Each entry is to be given again exactly; drop the images.

[Dataset entries]
....................

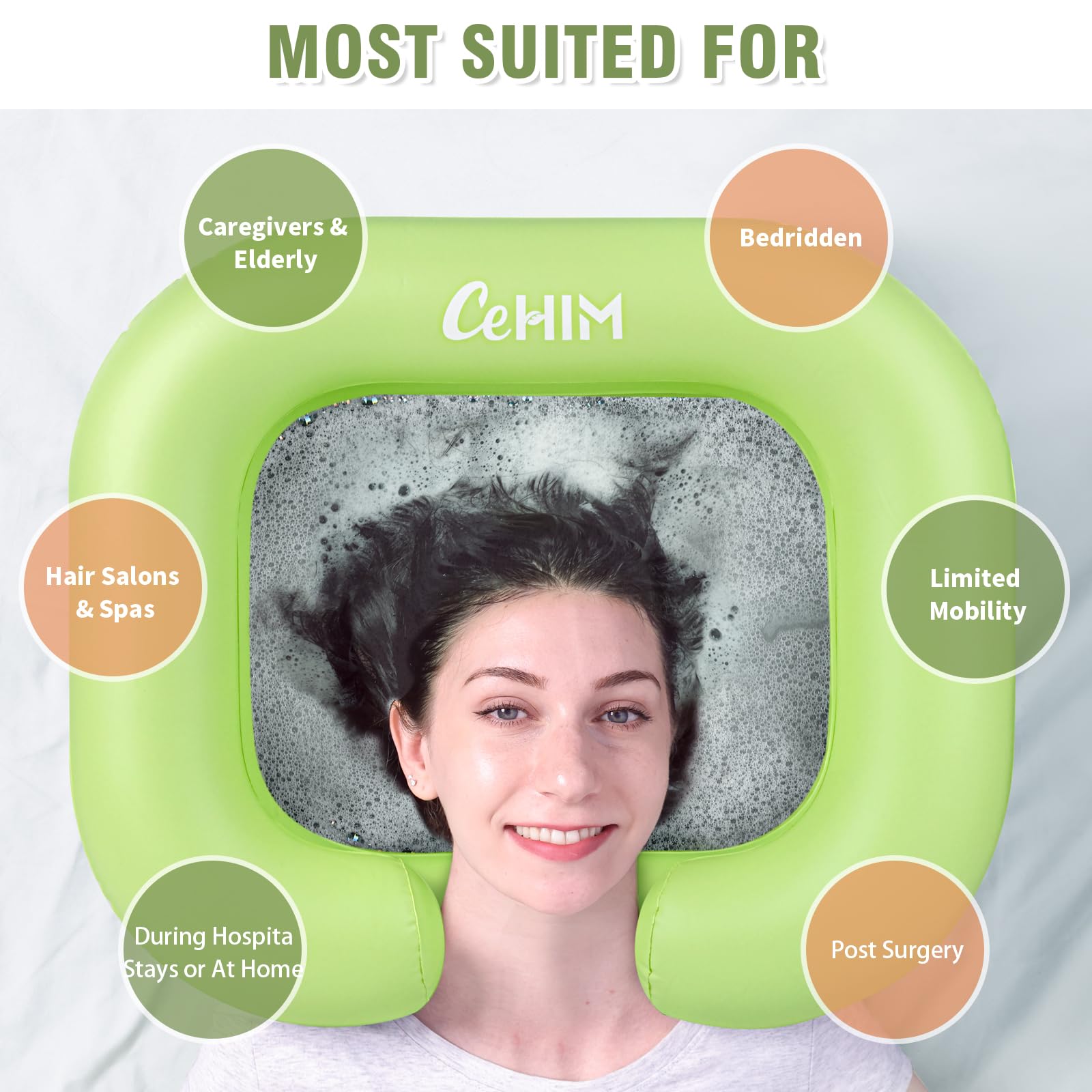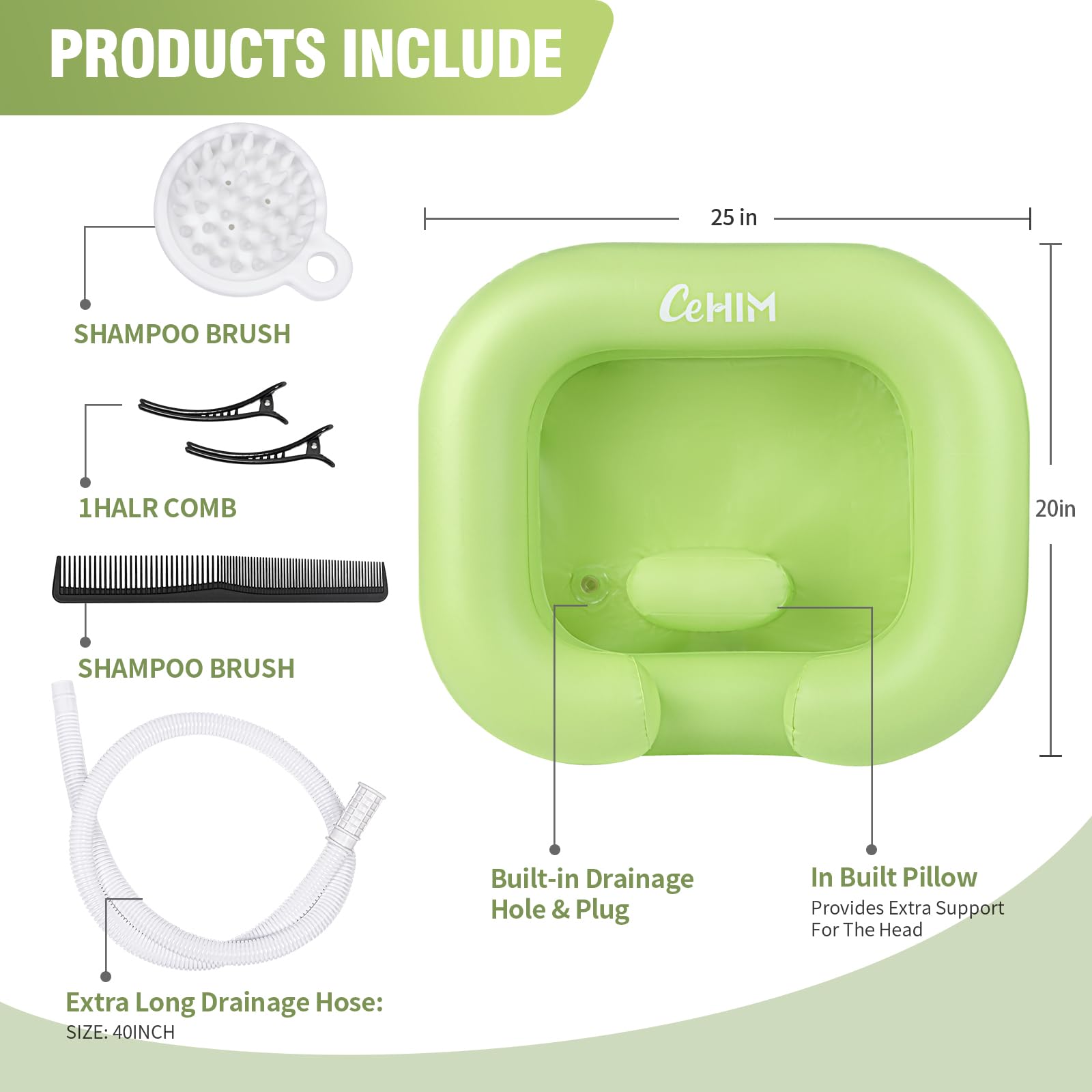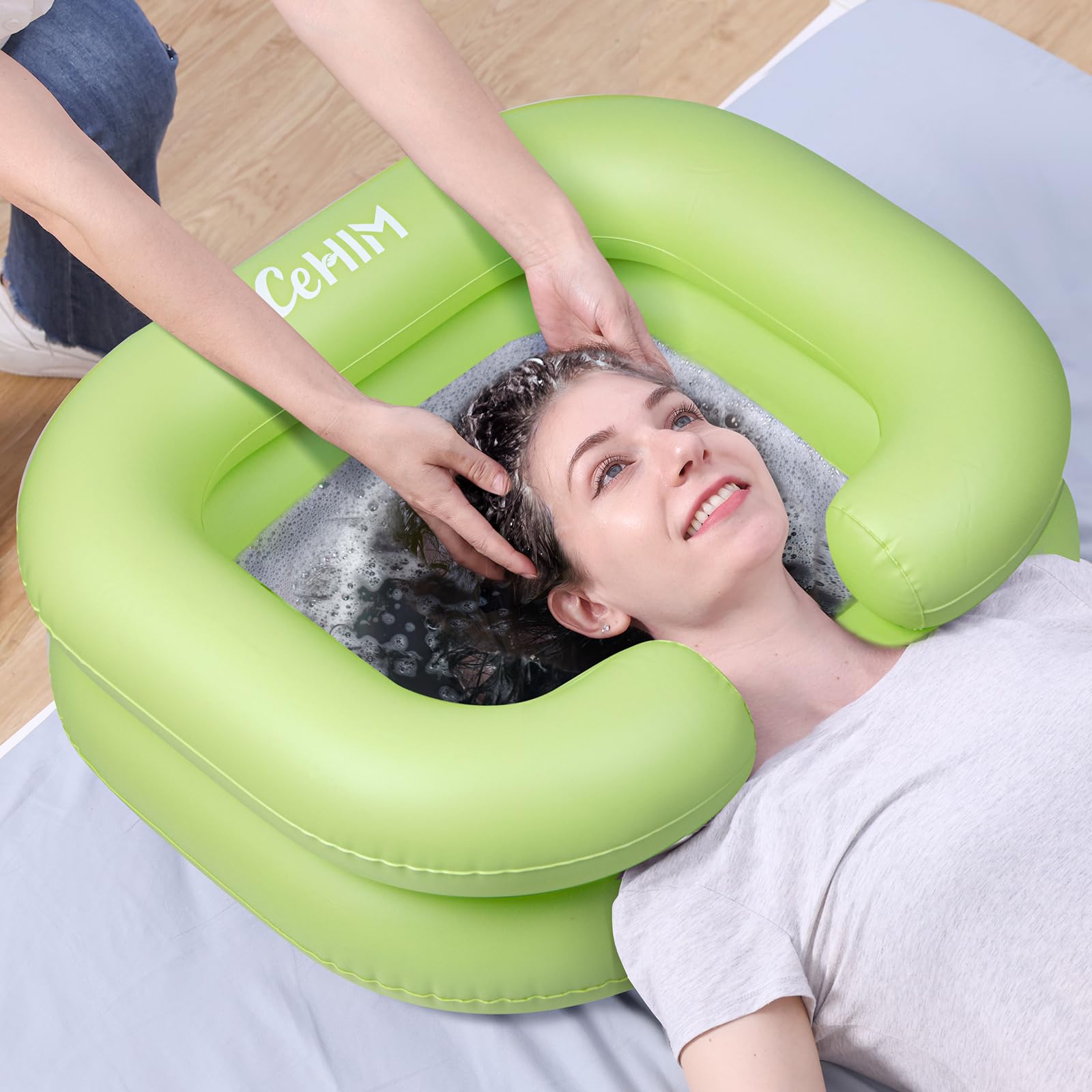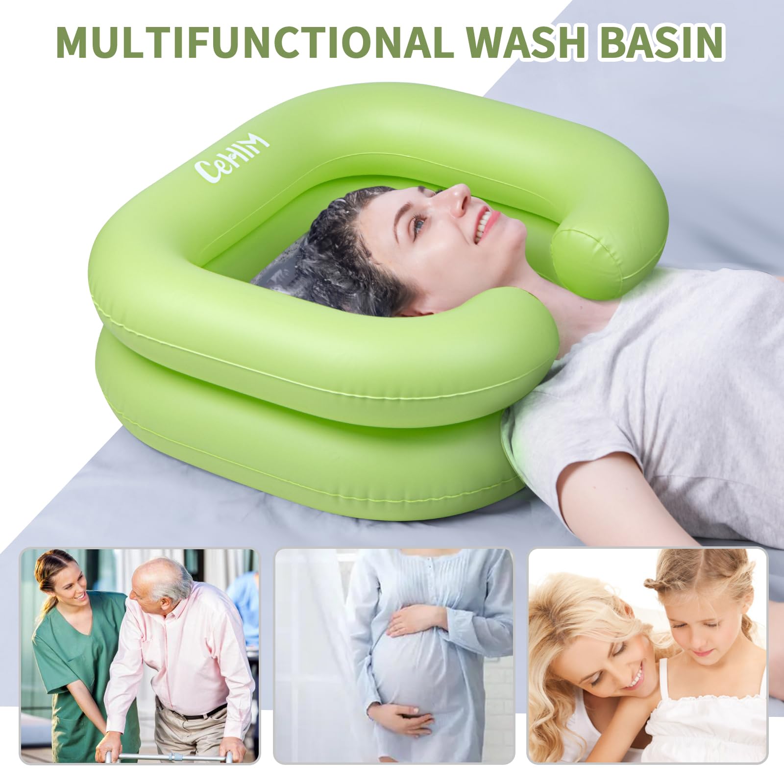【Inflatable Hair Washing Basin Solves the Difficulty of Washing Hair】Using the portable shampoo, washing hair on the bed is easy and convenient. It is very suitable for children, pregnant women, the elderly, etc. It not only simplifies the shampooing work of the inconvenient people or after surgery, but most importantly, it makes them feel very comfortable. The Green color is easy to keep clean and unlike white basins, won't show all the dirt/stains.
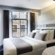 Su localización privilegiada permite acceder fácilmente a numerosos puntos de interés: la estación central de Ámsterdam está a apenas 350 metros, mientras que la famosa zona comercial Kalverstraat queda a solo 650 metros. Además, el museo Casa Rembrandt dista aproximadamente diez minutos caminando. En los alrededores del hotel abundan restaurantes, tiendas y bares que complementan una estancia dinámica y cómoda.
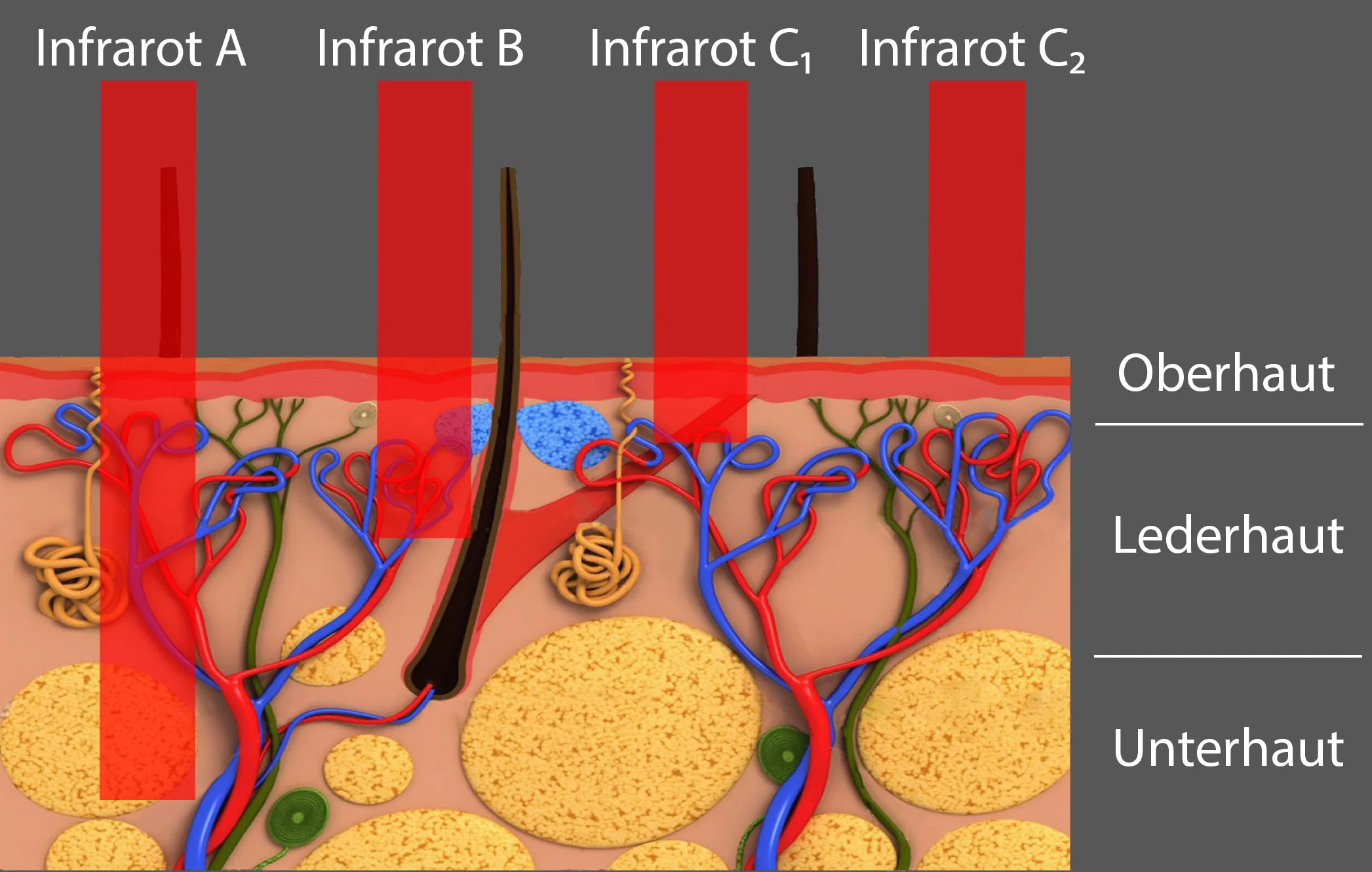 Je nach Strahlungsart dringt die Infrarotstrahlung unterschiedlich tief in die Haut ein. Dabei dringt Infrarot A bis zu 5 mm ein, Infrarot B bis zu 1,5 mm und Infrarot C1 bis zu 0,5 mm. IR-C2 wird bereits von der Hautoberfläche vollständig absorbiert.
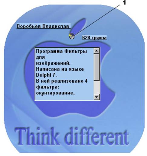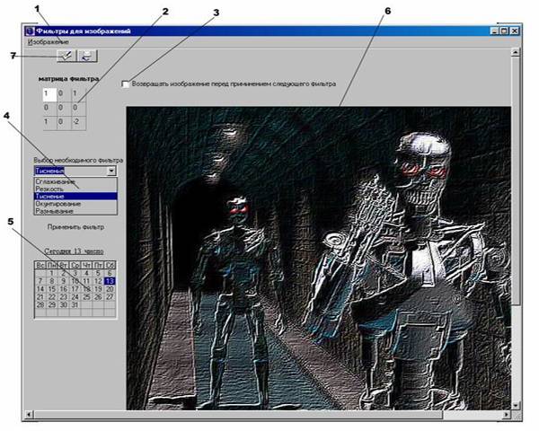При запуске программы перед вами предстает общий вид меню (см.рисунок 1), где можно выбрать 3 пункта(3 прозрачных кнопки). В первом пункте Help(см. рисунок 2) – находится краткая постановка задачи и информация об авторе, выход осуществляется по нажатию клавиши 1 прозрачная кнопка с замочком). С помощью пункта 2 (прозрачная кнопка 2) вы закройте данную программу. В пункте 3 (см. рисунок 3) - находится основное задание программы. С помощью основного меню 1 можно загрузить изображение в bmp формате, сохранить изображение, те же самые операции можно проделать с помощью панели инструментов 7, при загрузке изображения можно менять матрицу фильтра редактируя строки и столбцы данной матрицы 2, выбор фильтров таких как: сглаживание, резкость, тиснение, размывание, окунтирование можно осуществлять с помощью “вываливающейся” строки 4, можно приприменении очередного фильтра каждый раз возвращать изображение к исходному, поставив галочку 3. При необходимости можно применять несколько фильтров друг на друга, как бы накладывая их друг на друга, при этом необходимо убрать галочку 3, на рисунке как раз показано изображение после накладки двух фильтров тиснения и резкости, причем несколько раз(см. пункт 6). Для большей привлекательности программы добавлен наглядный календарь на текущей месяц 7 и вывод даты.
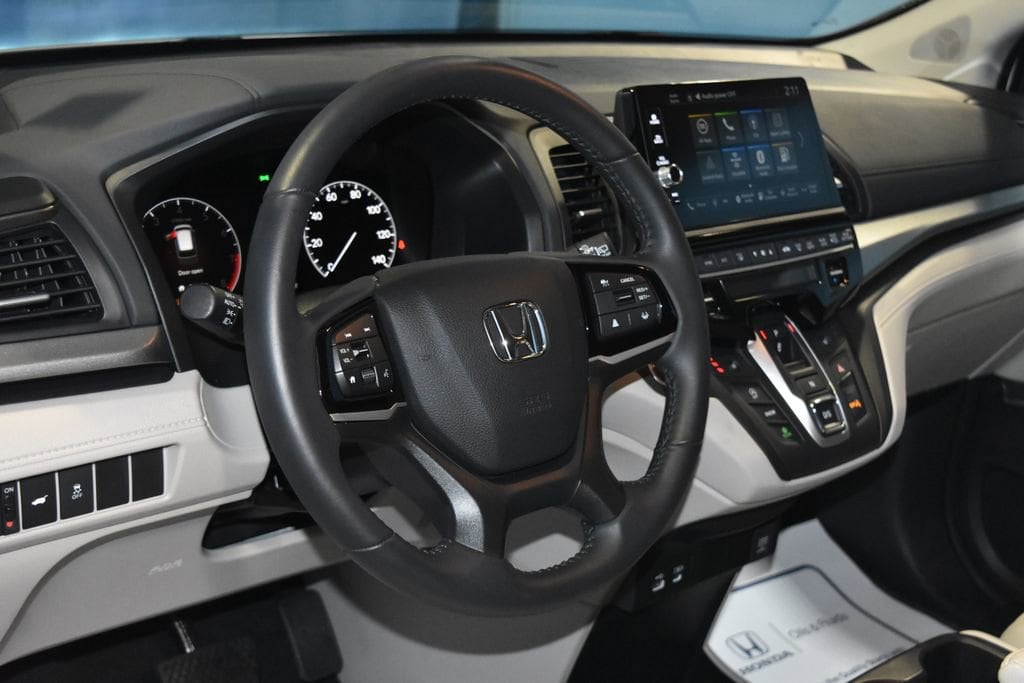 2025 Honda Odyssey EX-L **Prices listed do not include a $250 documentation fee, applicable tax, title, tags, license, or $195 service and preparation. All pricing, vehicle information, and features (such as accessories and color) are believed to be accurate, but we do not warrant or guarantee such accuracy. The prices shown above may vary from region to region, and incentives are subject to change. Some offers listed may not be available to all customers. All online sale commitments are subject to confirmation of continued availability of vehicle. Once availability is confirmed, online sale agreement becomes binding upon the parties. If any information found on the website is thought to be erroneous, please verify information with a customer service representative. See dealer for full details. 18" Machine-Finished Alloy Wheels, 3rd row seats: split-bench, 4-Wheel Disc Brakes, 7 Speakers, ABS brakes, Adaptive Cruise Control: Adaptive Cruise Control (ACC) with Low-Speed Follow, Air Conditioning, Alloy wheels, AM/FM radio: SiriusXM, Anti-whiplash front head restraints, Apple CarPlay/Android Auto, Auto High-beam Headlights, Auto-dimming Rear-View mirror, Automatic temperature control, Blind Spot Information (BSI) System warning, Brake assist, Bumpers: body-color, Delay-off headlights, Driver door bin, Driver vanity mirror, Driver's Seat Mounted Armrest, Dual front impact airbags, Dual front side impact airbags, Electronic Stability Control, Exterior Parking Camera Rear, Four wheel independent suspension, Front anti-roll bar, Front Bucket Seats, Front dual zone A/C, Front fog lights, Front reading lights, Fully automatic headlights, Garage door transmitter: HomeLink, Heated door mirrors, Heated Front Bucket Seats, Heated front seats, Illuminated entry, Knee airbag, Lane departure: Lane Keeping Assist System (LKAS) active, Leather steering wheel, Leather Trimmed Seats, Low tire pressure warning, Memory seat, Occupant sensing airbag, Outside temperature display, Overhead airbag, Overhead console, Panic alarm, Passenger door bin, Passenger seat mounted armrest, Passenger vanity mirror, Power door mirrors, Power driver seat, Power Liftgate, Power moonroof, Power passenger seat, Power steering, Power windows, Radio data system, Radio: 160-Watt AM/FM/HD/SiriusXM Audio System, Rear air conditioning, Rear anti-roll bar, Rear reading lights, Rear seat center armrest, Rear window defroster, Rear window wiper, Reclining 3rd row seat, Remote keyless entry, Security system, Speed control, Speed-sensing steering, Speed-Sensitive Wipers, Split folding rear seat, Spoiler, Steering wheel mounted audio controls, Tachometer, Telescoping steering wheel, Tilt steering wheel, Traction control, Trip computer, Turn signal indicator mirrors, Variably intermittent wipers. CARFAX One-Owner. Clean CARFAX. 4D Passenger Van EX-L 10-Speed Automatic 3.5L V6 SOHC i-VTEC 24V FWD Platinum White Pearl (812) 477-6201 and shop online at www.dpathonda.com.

....................

§ Output for this task
【Inflatable Hair Washing Basin Solves the Difficulty of Washing Hair】Using the portable shampoo, washing hair on the bed is easy and convenient. It is very suitable for children, pregnant women, the elderly, etc. It not only simplifies the shampooing work of the inconvenient people or after surgery, but most importantly, it makes them feel very comfortable. The Green color is easy to keep clean and unlike white basins, won't show all the dirt/stains.
 Su localización privilegiada permite acceder fácilmente a numerosos puntos de interés: la estación central de Ámsterdam está a apenas 350 metros, mientras que la famosa zona comercial Kalverstraat queda a solo 650 metros. Además, el museo Casa Rembrandt dista aproximadamente diez minutos caminando. En los alrededores del hotel abundan restaurantes, tiendas y bares que complementan una estancia dinámica y cómoda.
 Je nach Strahlungsart dringt die Infrarotstrahlung unterschiedlich tief in die Haut ein. Dabei dringt Infrarot A bis zu 5 mm ein, Infrarot B bis zu 1,5 mm und Infrarot C1 bis zu 0,5 mm. IR-C2 wird bereits von der Hautoberfläche vollständig absorbiert.
При запуске программы перед вами предстает общий вид меню (см.рисунок 1), где можно выбрать 3 пункта(3 прозрачных кнопки). В первом пункте Help(см. рисунок 2) – находится краткая постановка задачи и информация об авторе, выход осуществляется по нажатию клавиши 1 прозрачная кнопка с замочком). С помощью пункта 2 (прозрачная кнопка 2) вы закройте данную программу. В пункте 3 (см. рисунок 3) - находится основное задание программы. С помощью основного меню 1 можно загрузить изображение в bmp формате, сохранить изображение, те же самые операции можно проделать с помощью панели инструментов 7, при загрузке изображения можно менять матрицу фильтра редактируя строки и столбцы данной матрицы 2, выбор фильтров таких как: сглаживание, резкость, тиснение, размывание, окунтирование можно осуществлять с помощью “вываливающейся” строки 4, можно приприменении очередного фильтра каждый раз возвращать изображение к исходному, поставив галочку 3. При необходимости можно применять несколько фильтров друг на друга, как бы накладывая их друг на друга, при этом необходимо убрать галочку 3, на рисунке как раз показано изображение после накладки двух фильтров тиснения и резкости, причем несколько раз(см. пункт 6). Для большей привлекательности программы добавлен наглядный календарь на текущей месяц 7 и вывод даты.
 2025 Honda Odyssey EX-L **Prices listed do not include a $250 documentation fee, applicable tax, title, tags, license, or $195 service and preparation. All pricing, vehicle information, and features (such as accessories and color) are believed to be accurate, but we do not warrant or guarantee such accuracy. The prices shown above may vary from region to region, and incentives are subject to change. Some offers listed may not be available to all customers. All online sale commitments are subject to confirmation of continued availability of vehicle. Once availability is confirmed, online sale agreement becomes binding upon the parties. If any information found on the website is thought to be erroneous, please verify information with a customer service representative. See dealer for full details. 18" Machine-Finished Alloy Wheels, 3rd row seats: split-bench, 4-Wheel Disc Brakes, 7 Speakers, ABS brakes, Adaptive Cruise Control: Adaptive Cruise Control (ACC) with Low-Speed Follow, Air Conditioning, Alloy wheels, AM/FM radio: SiriusXM, Anti-whiplash front head restraints, Apple CarPlay/Android Auto, Auto High-beam Headlights, Auto-dimming Rear-View mirror, Automatic temperature control, Blind Spot Information (BSI) System warning, Brake assist, Bumpers: body-color, Delay-off headlights, Driver door bin, Driver vanity mirror, Driver's Seat Mounted Armrest, Dual front impact airbags, Dual front side impact airbags, Electronic Stability Control, Exterior Parking Camera Rear, Four wheel independent suspension, Front anti-roll bar, Front Bucket Seats, Front dual zone A/C, Front fog lights, Front reading lights, Fully automatic headlights, Garage door transmitter: HomeLink, Heated door mirrors, Heated Front Bucket Seats, Heated front seats, Illuminated entry, Knee airbag, Lane departure: Lane Keeping Assist System (LKAS) active, Leather steering wheel, Leather Trimmed Seats, Low tire pressure warning, Memory seat, Occupant sensing airbag, Outside temperature display, Overhead airbag, Overhead console, Panic alarm, Passenger door bin, Passenger seat mounted armrest, Passenger vanity mirror, Power door mirrors, Power driver seat, Power Liftgate, Power moonroof, Power passenger seat, Power steering, Power windows, Radio data system, Radio: 160-Watt AM/FM/HD/SiriusXM Audio System, Rear air conditioning, Rear anti-roll bar, Rear reading lights, Rear seat center armrest, Rear window defroster, Rear window wiper, Reclining 3rd row seat, Remote keyless entry, Security system, Speed control, Speed-sensing steering, Speed-Sensitive Wipers, Split folding rear seat, Spoiler, Steering wheel mounted audio controls, Tachometer, Telescoping steering wheel, Tilt steering wheel, Traction control, Trip computer, Turn signal indicator mirrors, Variably intermittent wipers. CARFAX One-Owner. Clean CARFAX. 4D Passenger Van EX-L 10-Speed Automatic 3.5L V6 SOHC i-VTEC 24V FWD Platinum White Pearl (812) 477-6201 and shop online at www.dpathonda.com.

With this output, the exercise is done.